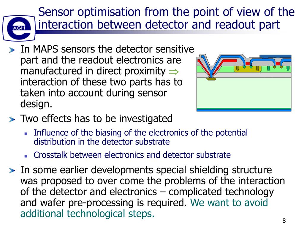 Sensor optimisation from the point of view of the interaction between detector and readout part • In MAPS sensors the detector sensitive part and the readout electronics are manufactured in direct proximity interaction of these two parts has to taken into account during sensor design. • Two effects has to be investigated • Influence of the biasing of the electronics of the potential distribution in the detector substrate • Crosstalk between electronics and detector substrate • In some earlier developments special shielding structure was proposed to over come the problems of the interaction of the detector and electronics – complicated technology and wafer pre-processing is required. We want to avoid additional technological steps.
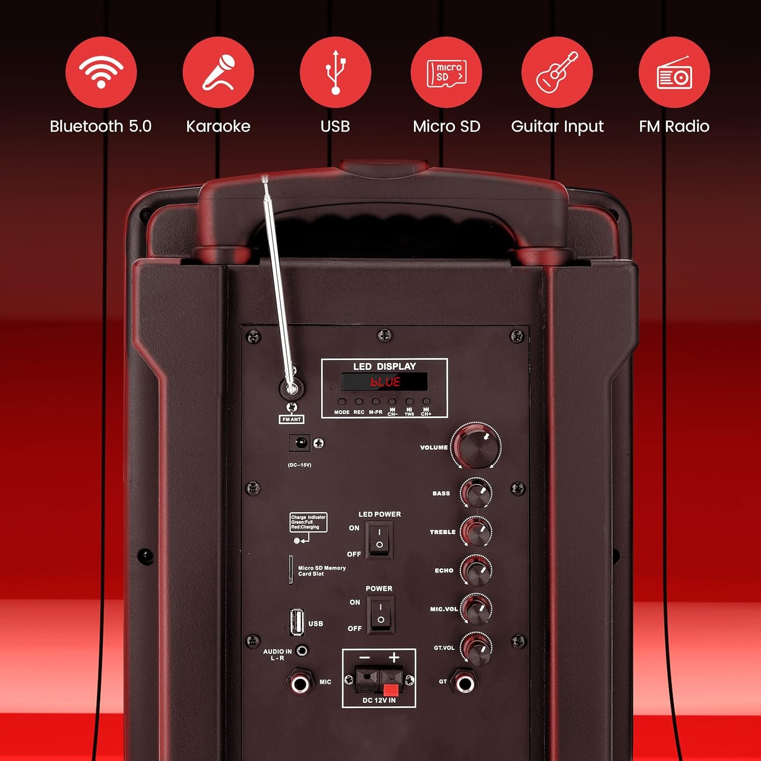The 8” True Wireless Portable PA Speaker features Bluetooth 5.0 for seamless audio streaming, ensuring compatibility with modern devices. It boasts a high output of 280 watts, dual microphones (wired and wireless), and multiple input options, including USB and AUX. Its built-in rechargeable battery provides up to 4 hours of use. The speaker is designed for both indoor and outdoor events, enhanced by multi-color LED party lights for lively atmospheres. Constructed with durable materials, the system is easily portable due to its trolley wheels and includes a remote control for convenience. Overall, it’s perfect for events and karaoke.
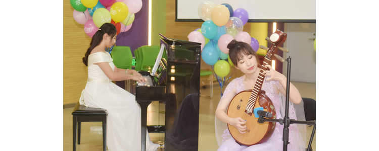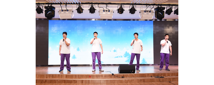 最后,师生分别为节日献歌献舞。学生节目《雪花的快乐》带领观众体味别样的执着与美丽;胡箭与李墨老师用阮与钢琴带来合奏版《大鱼》,优美的旋律透过指尖的拨动与弹奏,让人听得如痴如醉;陈艳老师饱含深情地带来诗朗诵《感恩的心》,以学生的角度切入,真切表达了对老师的感激;杨强老师通过演唱一首摇滚歌曲《加州旅馆》,使观众聆听了经典的吉他旋律,体会到了歌曲蕴含的感人心弦的悲世情怀;张琪、张婧、王楚珊老师演绎的歌曲《大鱼》,带领老师们随着音乐回想起电影中的种种片段,感动不已;陈卫东副主任和尹政君主任带来歌曲《我的中国心》,优美动人的歌词唱出了对祖国的深情赞美,铿锵有力的朗诵令全体听众心潮澎湃,全场齐声合唱,将气氛推向高潮;“无价之姐组”和“将台四少组”老师带来的舞蹈表演《乘风破浪的老师们》燃爆现场,气氛热烈。
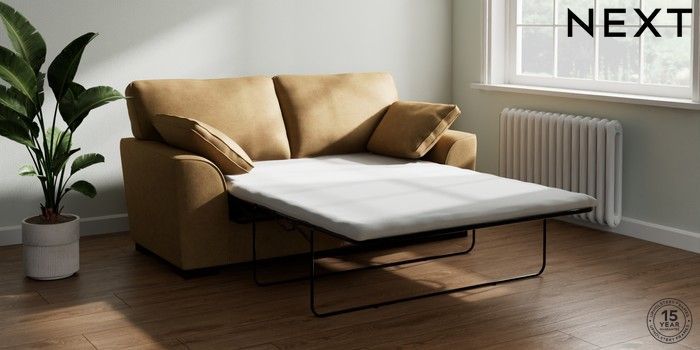 7.2.6 Buy Stamford Sofa Bed Luxe Chenille Honey Yellow Large Square Angle - Dark from the Next UK online shop Click here to use our accessible website
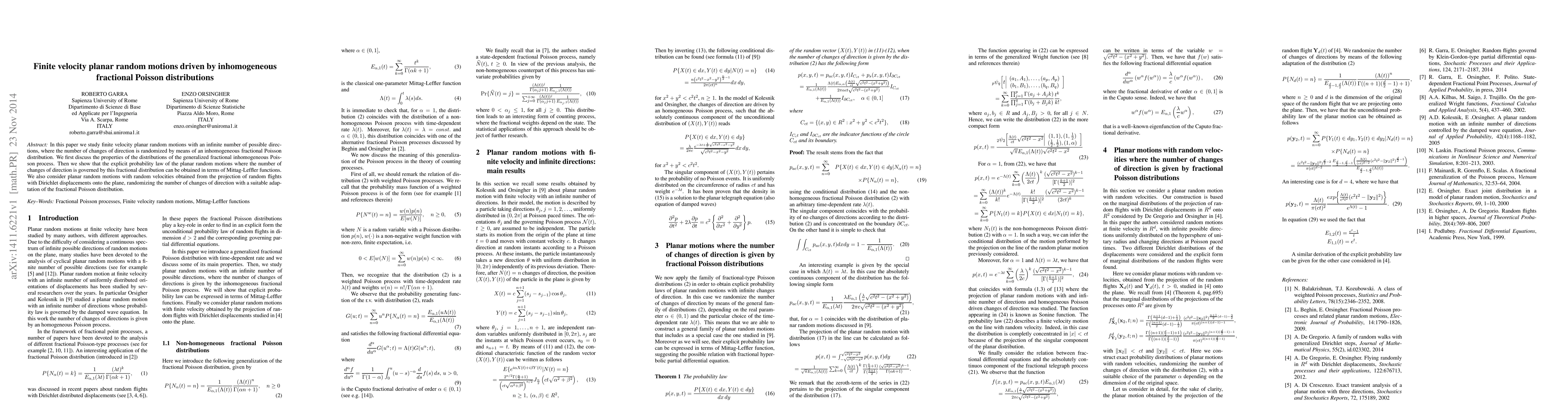 This paper investigates finite velocity planar random motions characterized by an infinite number of possible directions, where direction changes are governed by an inhomogeneous fractional Poisson distribution. The study derives the explicit probability law of these motions using Mittag-Leffler functions and also explores motions with random velocities derived from projected random flights.
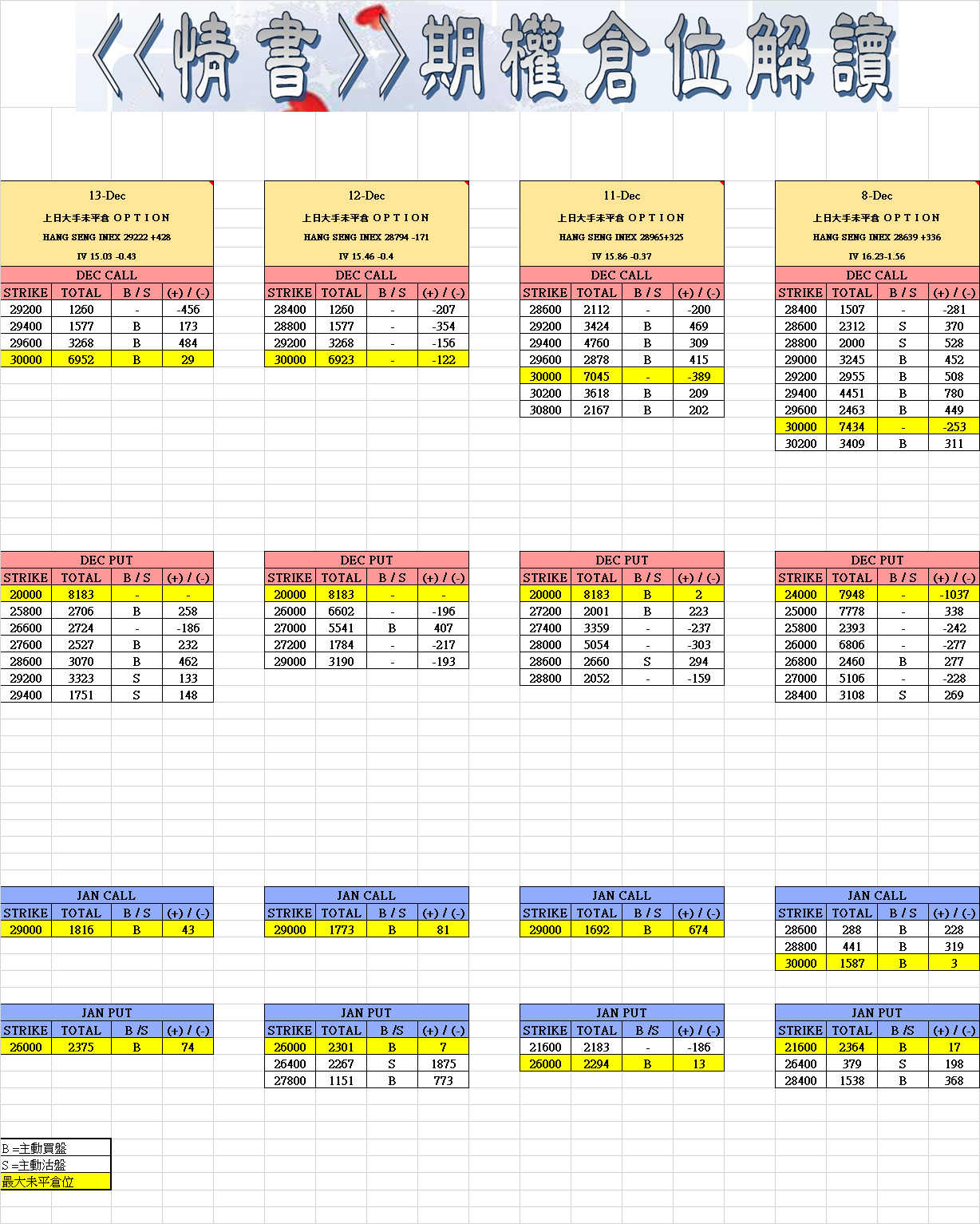 12月期指未平倉合約減少10,186張至145,948張。1月期指未平倉合約增加534張至8,955張。
::::::::
Aim of the exercise ▸ Pictures excluded, output exactly the line that contains "7.2.6 Buy Stamford" and every line after it to the end of the data above.

Response to the exercise ▸
 7.2.6 Buy Stamford Sofa Bed Luxe Chenille Honey Yellow Large Square Angle - Dark from the Next UK online shop Click here to use our accessible website
 This paper investigates finite velocity planar random motions characterized by an infinite number of possible directions, where direction changes are governed by an inhomogeneous fractional Poisson distribution. The study derives the explicit probability law of these motions using Mittag-Leffler functions and also explores motions with random velocities derived from projected random flights.
 12月期指未平倉合約減少10,186張至145,948張。1月期指未平倉合約增加534張至8,955張。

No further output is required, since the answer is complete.